▶ Work to complete
Among the entries below, which lines run from the line with "Complete breakdown of" through the line with "オータム 秋物 missk64983753068"? Retype those, both ends included, exactly and without pictures.

▶ Recorded information
↓
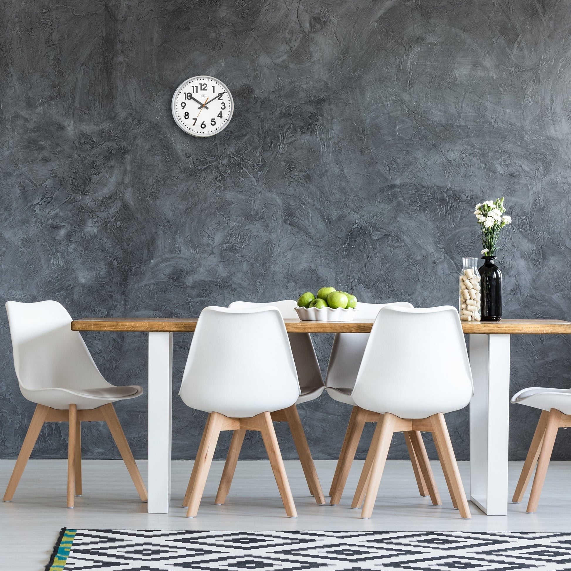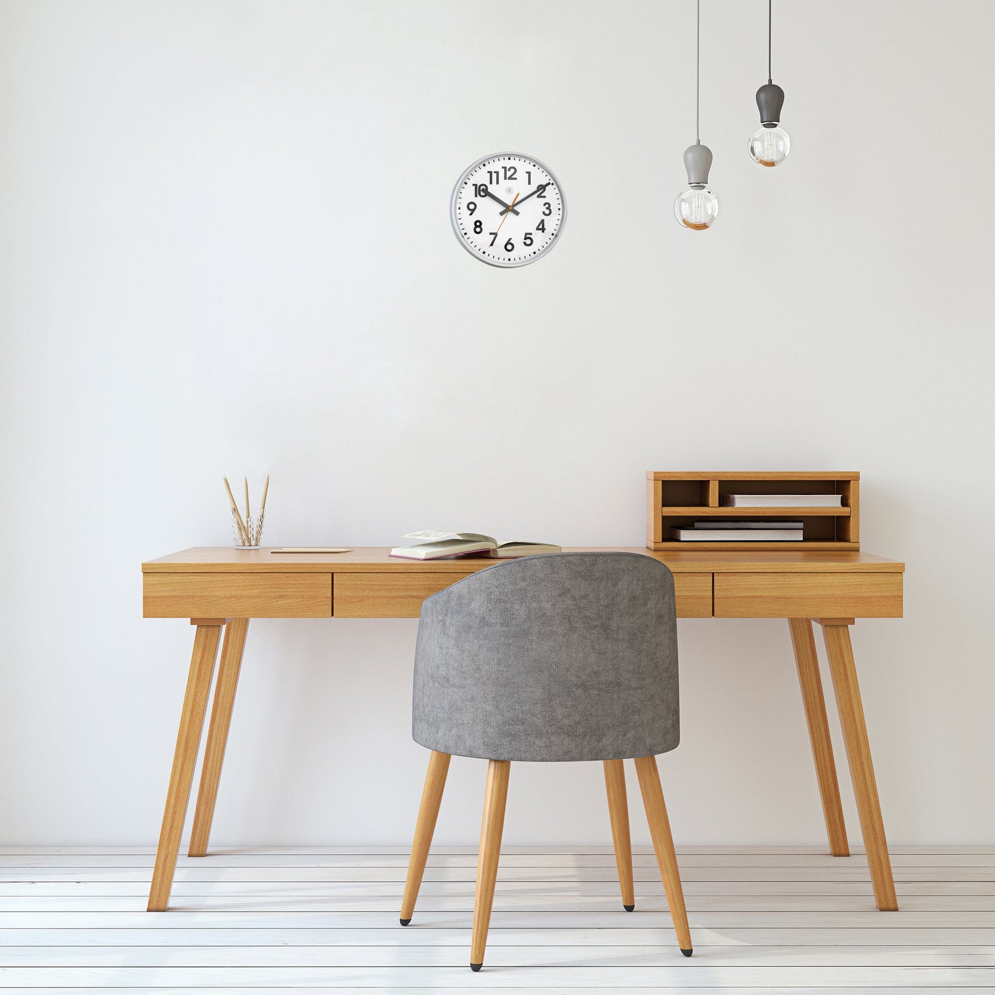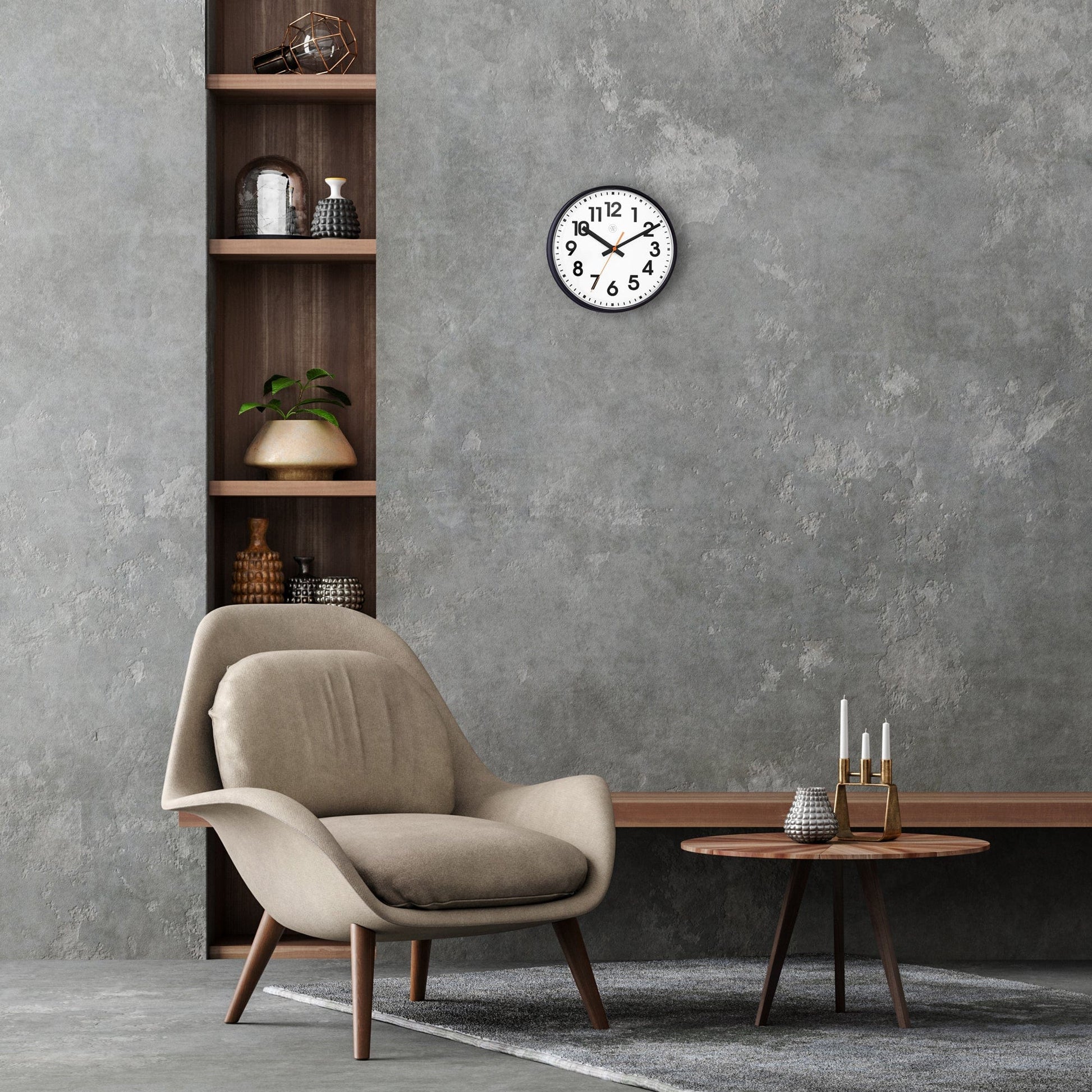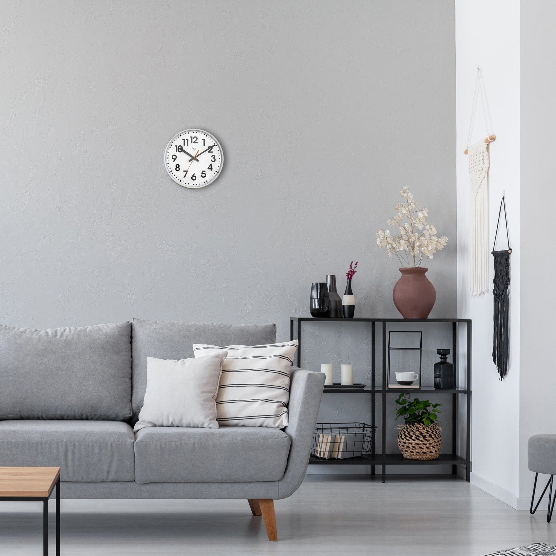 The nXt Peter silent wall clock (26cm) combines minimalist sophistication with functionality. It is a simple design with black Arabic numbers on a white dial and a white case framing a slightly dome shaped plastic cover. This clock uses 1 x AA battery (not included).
↑
↓
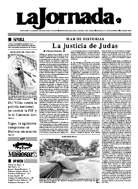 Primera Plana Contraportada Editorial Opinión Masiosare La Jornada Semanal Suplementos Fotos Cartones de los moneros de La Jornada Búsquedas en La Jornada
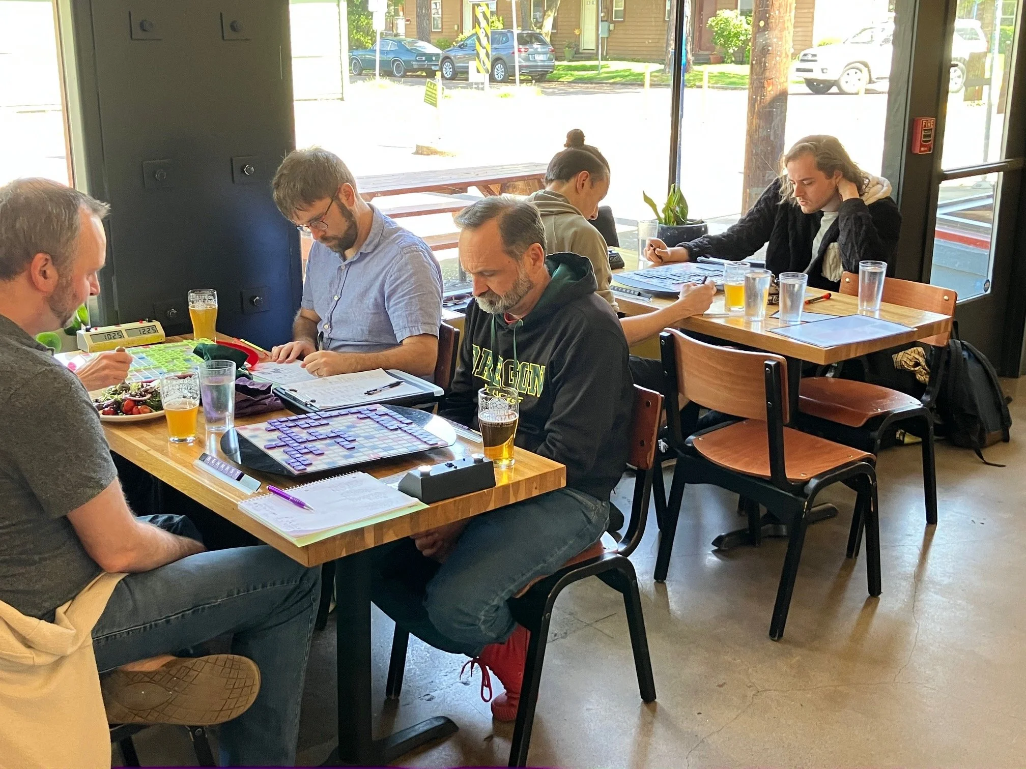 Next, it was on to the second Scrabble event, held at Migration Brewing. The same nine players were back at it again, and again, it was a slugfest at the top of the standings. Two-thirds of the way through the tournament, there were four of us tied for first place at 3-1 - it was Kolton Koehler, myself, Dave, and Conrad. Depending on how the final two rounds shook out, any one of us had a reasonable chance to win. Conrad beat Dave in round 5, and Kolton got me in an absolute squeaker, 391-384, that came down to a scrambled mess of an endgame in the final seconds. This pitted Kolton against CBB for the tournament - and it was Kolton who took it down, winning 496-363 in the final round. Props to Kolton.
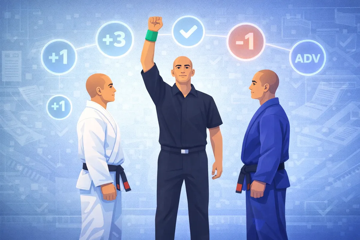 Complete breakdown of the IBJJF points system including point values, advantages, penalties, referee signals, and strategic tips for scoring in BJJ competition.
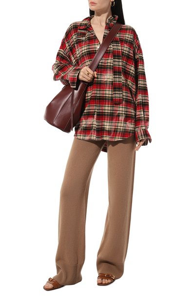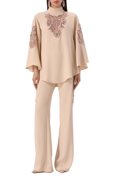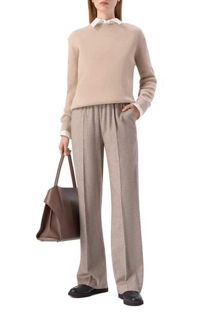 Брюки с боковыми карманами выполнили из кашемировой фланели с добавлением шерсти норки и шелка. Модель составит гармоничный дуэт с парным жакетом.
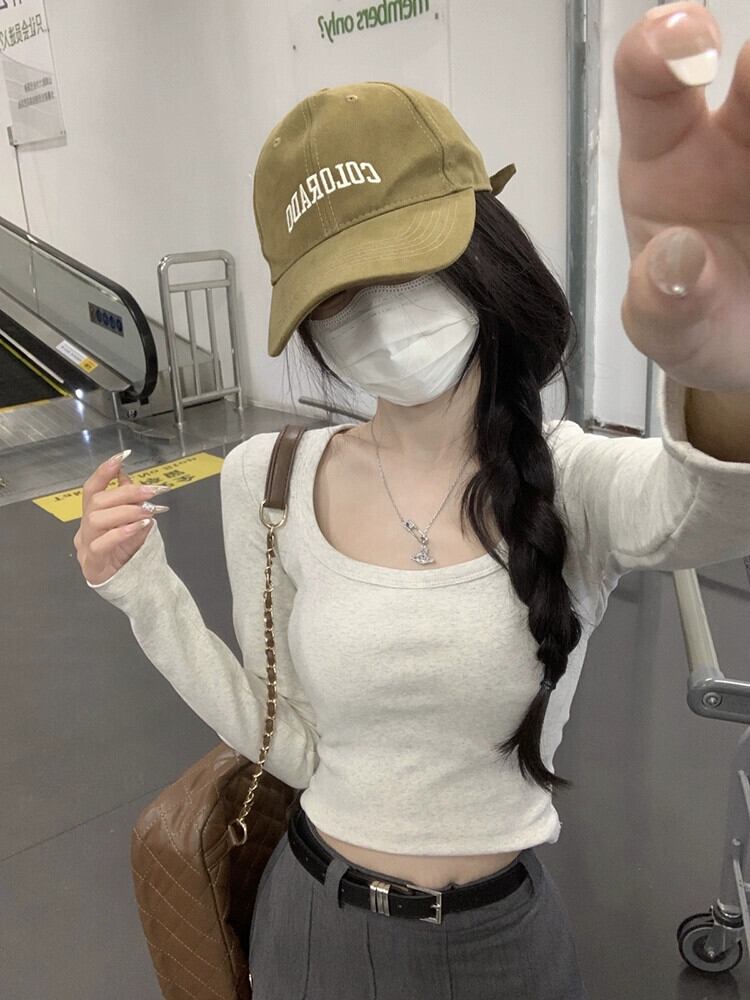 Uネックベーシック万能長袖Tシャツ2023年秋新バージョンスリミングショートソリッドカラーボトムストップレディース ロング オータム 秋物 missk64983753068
↑
▶ Written reply
 Complete breakdown of the IBJJF points system including point values, advantages, penalties, referee signals, and strategic tips for scoring in BJJ competition.
 Брюки с боковыми карманами выполнили из кашемировой фланели с добавлением шерсти норки и шелка. Модель составит гармоничный дуэт с парным жакетом.
 Uネックベーシック万能長袖Tシャツ2023年秋新バージョンスリミングショートソリッドカラーボトムストップレディース ロング オータム 秋物 missk64983753068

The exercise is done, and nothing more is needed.